UX in Virtual reality is something that varies in a lot of ways. We started researching using Best, good & bad practices. We also created a lot of different prototypes. When a prototype was finished we would perform a user test. The results of this test would lead to either creating a new prototype or expanding the prototype to fit the needs. This methodology also consisted of a lot of AB testing.

 

Carry person

t was not initially planned for something like “carry person” to be implemented in the project.

We performed an expert interview with Pieter van Gorkom and he told us he really missed some interaction in the scene because now it really feels like a movie with choices.

There are a lot of different ways this problem can be tackled. The project was delivered using VRTK toolkit. It would be the obvious way to implement “carry person” by using VRTK Toolkit. After experimenting and researching ways to implement it using VRTK Toolkit we decided it was better to make our own custom implementation as there were lots of problems keeping us from implementing using VRTK Toolkit.

 

Body Language

While there are a lot of publicly available human avatar animations to find on the internet, we have deduced based on a Design Pattern Search that none of the animations fitted the emotions that wanted to use in the project. Therefore, we decided on making custom animations. Because the OptiTrack room was taken down and we had to work from home most of the time, we ended up making custom animations with a Rokoko SmartSuit.

 

Lip Sync and Facial Expressions

fter an initial research on different solutions to tackle lip sync and facial expressions a Comparison of the different viable solutions has been made which made us come to the conclusion that Salsa is the best candidate for implementing these features.

Due to the fact that these solutions charge license fees we did Provocative Prototyping to check whether an own implementation would be feasible. Based on the effort estimation and discussions we came to the conclusion that we propose the project to use Salsa.

 

Skin Response Analyzer

The first step in tackling such a problem is a thorough Literature Study.
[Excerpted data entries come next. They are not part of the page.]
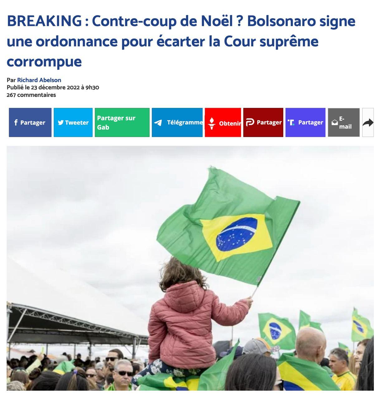 Alors que le peuple brésilien est toujours dans les rues, dans le silence assourdissant des médias mensongers, Bolsonaro a signé l'ordre d'élever la Cour militaire supérieure au-dessus de la Cour suprême de gauche corrompue, dans un geste qui, selon beaucoup, pourrait ouvrir la voie à une intervention militaire avant le 1er janvier, lorsque Lula da Silva est devait prendre ses fonctions de président.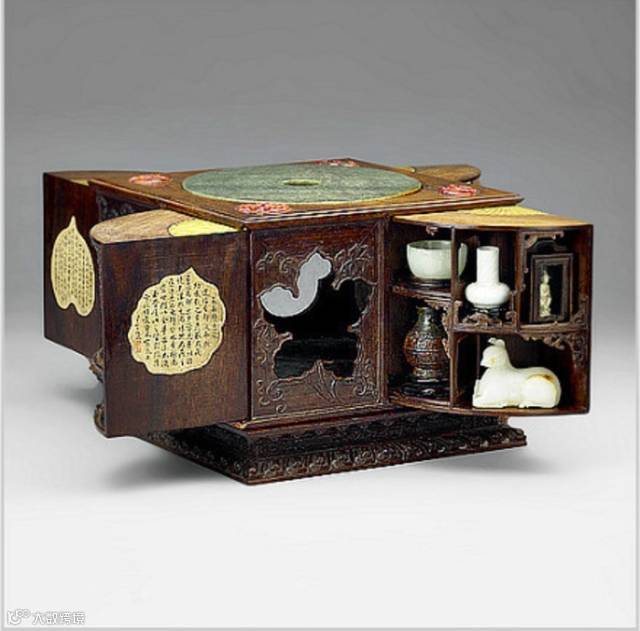 据说,有些设计巧妙的多宝格,让人即使看到格中、抽屉里或隔板旁有宝物,也因找不到机关而拿不到。
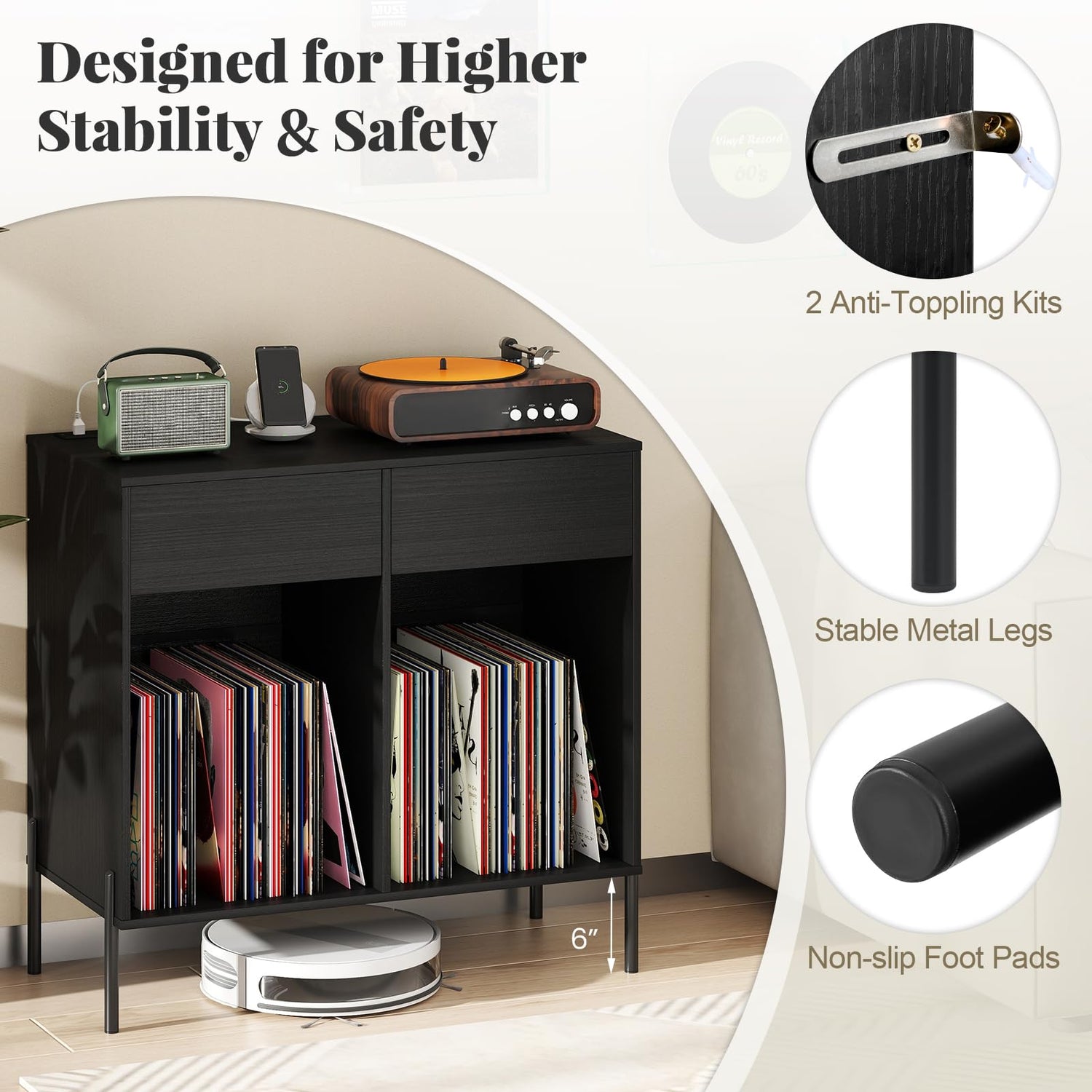 The convenient charging station allows you to charge multiple devices simultaneously. No more struggling with messy wires! There is a cable hole to maintain a neat appearance. In addition to its spacious top, the record player stand is designed with 2 drawers for storing media items. The open compartments feature removable dividers to suit different needs, providing flexible storage solutions for your vinyl records. This turntable display shelf includes 2 anti-toppling kits, ensuring a safe setup in your home. Together with metal support legs, higher stability is ensured. It is an ideal choice for music enthusiasts looking to create a dedicated space for their vinyl collection.

Skin Response has already been used for analysis of the arousement for decades. The most common way to work with the galvanic skin response is to analyze it manually. This is commonly used for biofeedback training in a therapeutic context. This research ensured that the galvanic skin response is interpretable, real-time available and the usage of the data is already widespread.

Further research defined how such an algorithm could work. There are multiple algorithms for interpreting skin response. Most of these algorithms split the signal into two components: phasic and tonic. Tonic is the constant change of the signal, this part increases slowly and will decrease gradually back to the base level. Phasic is an impulse indicating an event which aroused the person.

It also showed that the use case of analyzing data in real-time - in comparison to analyzing after a certain session - is less widespread which is the reason a custom algorithm for the needs of the simulation had to be implemented.

In order to be able to test the effectiveness of such an algorithm primarily two entirely independent Proof of Concepts have been developed. These prototypes of the algorithm permitted to ensure that a meaningful analysis of the signal is feasible.

Based on the prototypes the end result (Described in “Result”) has been achieved and is in use.